**DATA TO USE**
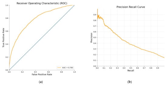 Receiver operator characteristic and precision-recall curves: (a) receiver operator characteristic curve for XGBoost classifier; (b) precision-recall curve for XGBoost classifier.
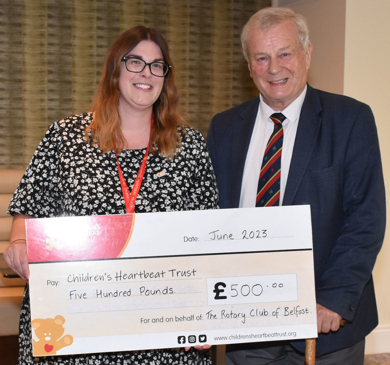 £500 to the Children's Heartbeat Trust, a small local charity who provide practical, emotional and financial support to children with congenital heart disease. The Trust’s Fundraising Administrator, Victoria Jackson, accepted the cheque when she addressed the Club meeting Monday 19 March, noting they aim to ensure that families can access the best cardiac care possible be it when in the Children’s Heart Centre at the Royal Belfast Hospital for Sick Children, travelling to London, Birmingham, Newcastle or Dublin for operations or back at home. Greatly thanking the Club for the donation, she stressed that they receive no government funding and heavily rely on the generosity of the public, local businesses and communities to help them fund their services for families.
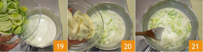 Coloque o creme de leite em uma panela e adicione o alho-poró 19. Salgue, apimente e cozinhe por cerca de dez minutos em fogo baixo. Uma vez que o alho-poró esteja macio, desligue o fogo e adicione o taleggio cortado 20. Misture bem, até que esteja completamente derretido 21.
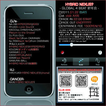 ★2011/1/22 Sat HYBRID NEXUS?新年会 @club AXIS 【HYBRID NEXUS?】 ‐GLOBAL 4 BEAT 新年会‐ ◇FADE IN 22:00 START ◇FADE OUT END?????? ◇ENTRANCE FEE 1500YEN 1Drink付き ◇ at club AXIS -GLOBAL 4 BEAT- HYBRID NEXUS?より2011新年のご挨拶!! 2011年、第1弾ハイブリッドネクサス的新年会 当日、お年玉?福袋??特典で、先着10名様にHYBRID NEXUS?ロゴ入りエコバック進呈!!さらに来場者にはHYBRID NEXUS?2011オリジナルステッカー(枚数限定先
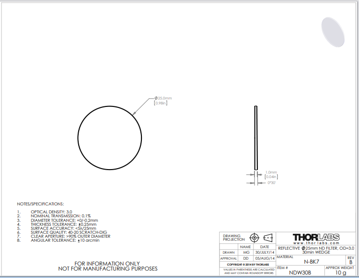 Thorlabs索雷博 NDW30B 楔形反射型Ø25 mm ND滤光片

**EXERCISE INSTRUCTIONS**
Return all the data exactly, and keep the pictures out.

**ANSWER BOX**
 Receiver operator characteristic and precision-recall curves: (a) receiver operator characteristic curve for XGBoost classifier; (b) precision-recall curve for XGBoost classifier.
 £500 to the Children's Heartbeat Trust, a small local charity who provide practical, emotional and financial support to children with congenital heart disease. The Trust’s Fundraising Administrator, Victoria Jackson, accepted the cheque when she addressed the Club meeting Monday 19 March, noting they aim to ensure that families can access the best cardiac care possible be it when in the Children’s Heart Centre at the Royal Belfast Hospital for Sick Children, travelling to London, Birmingham, Newcastle or Dublin for operations or back at home. Greatly thanking the Club for the donation, she stressed that they receive no government funding and heavily rely on the generosity of the public, local businesses and communities to help them fund their services for families.
 Coloque o creme de leite em uma panela e adicione o alho-poró 19. Salgue, apimente e cozinhe por cerca de dez minutos em fogo baixo. Uma vez que o alho-poró esteja macio, desligue o fogo e adicione o taleggio cortado 20. Misture bem, até que esteja completamente derretido 21.
 ★2011/1/22 Sat HYBRID NEXUS?新年会 @club AXIS 【HYBRID NEXUS?】 ‐GLOBAL 4 BEAT 新年会‐ ◇FADE IN 22:00 START ◇FADE OUT END?????? ◇ENTRANCE FEE 1500YEN 1Drink付き ◇ at club AXIS -GLOBAL 4 BEAT- HYBRID NEXUS?より2011新年のご挨拶!! 2011年、第1弾ハイブリッドネクサス的新年会 当日、お年玉?福袋??特典で、先着10名様にHYBRID NEXUS?ロゴ入りエコバック進呈!!さらに来場者にはHYBRID NEXUS?2011オリジナルステッカー(枚数限定先
 Thorlabs索雷博 NDW30B 楔形反射型Ø25 mm ND滤光片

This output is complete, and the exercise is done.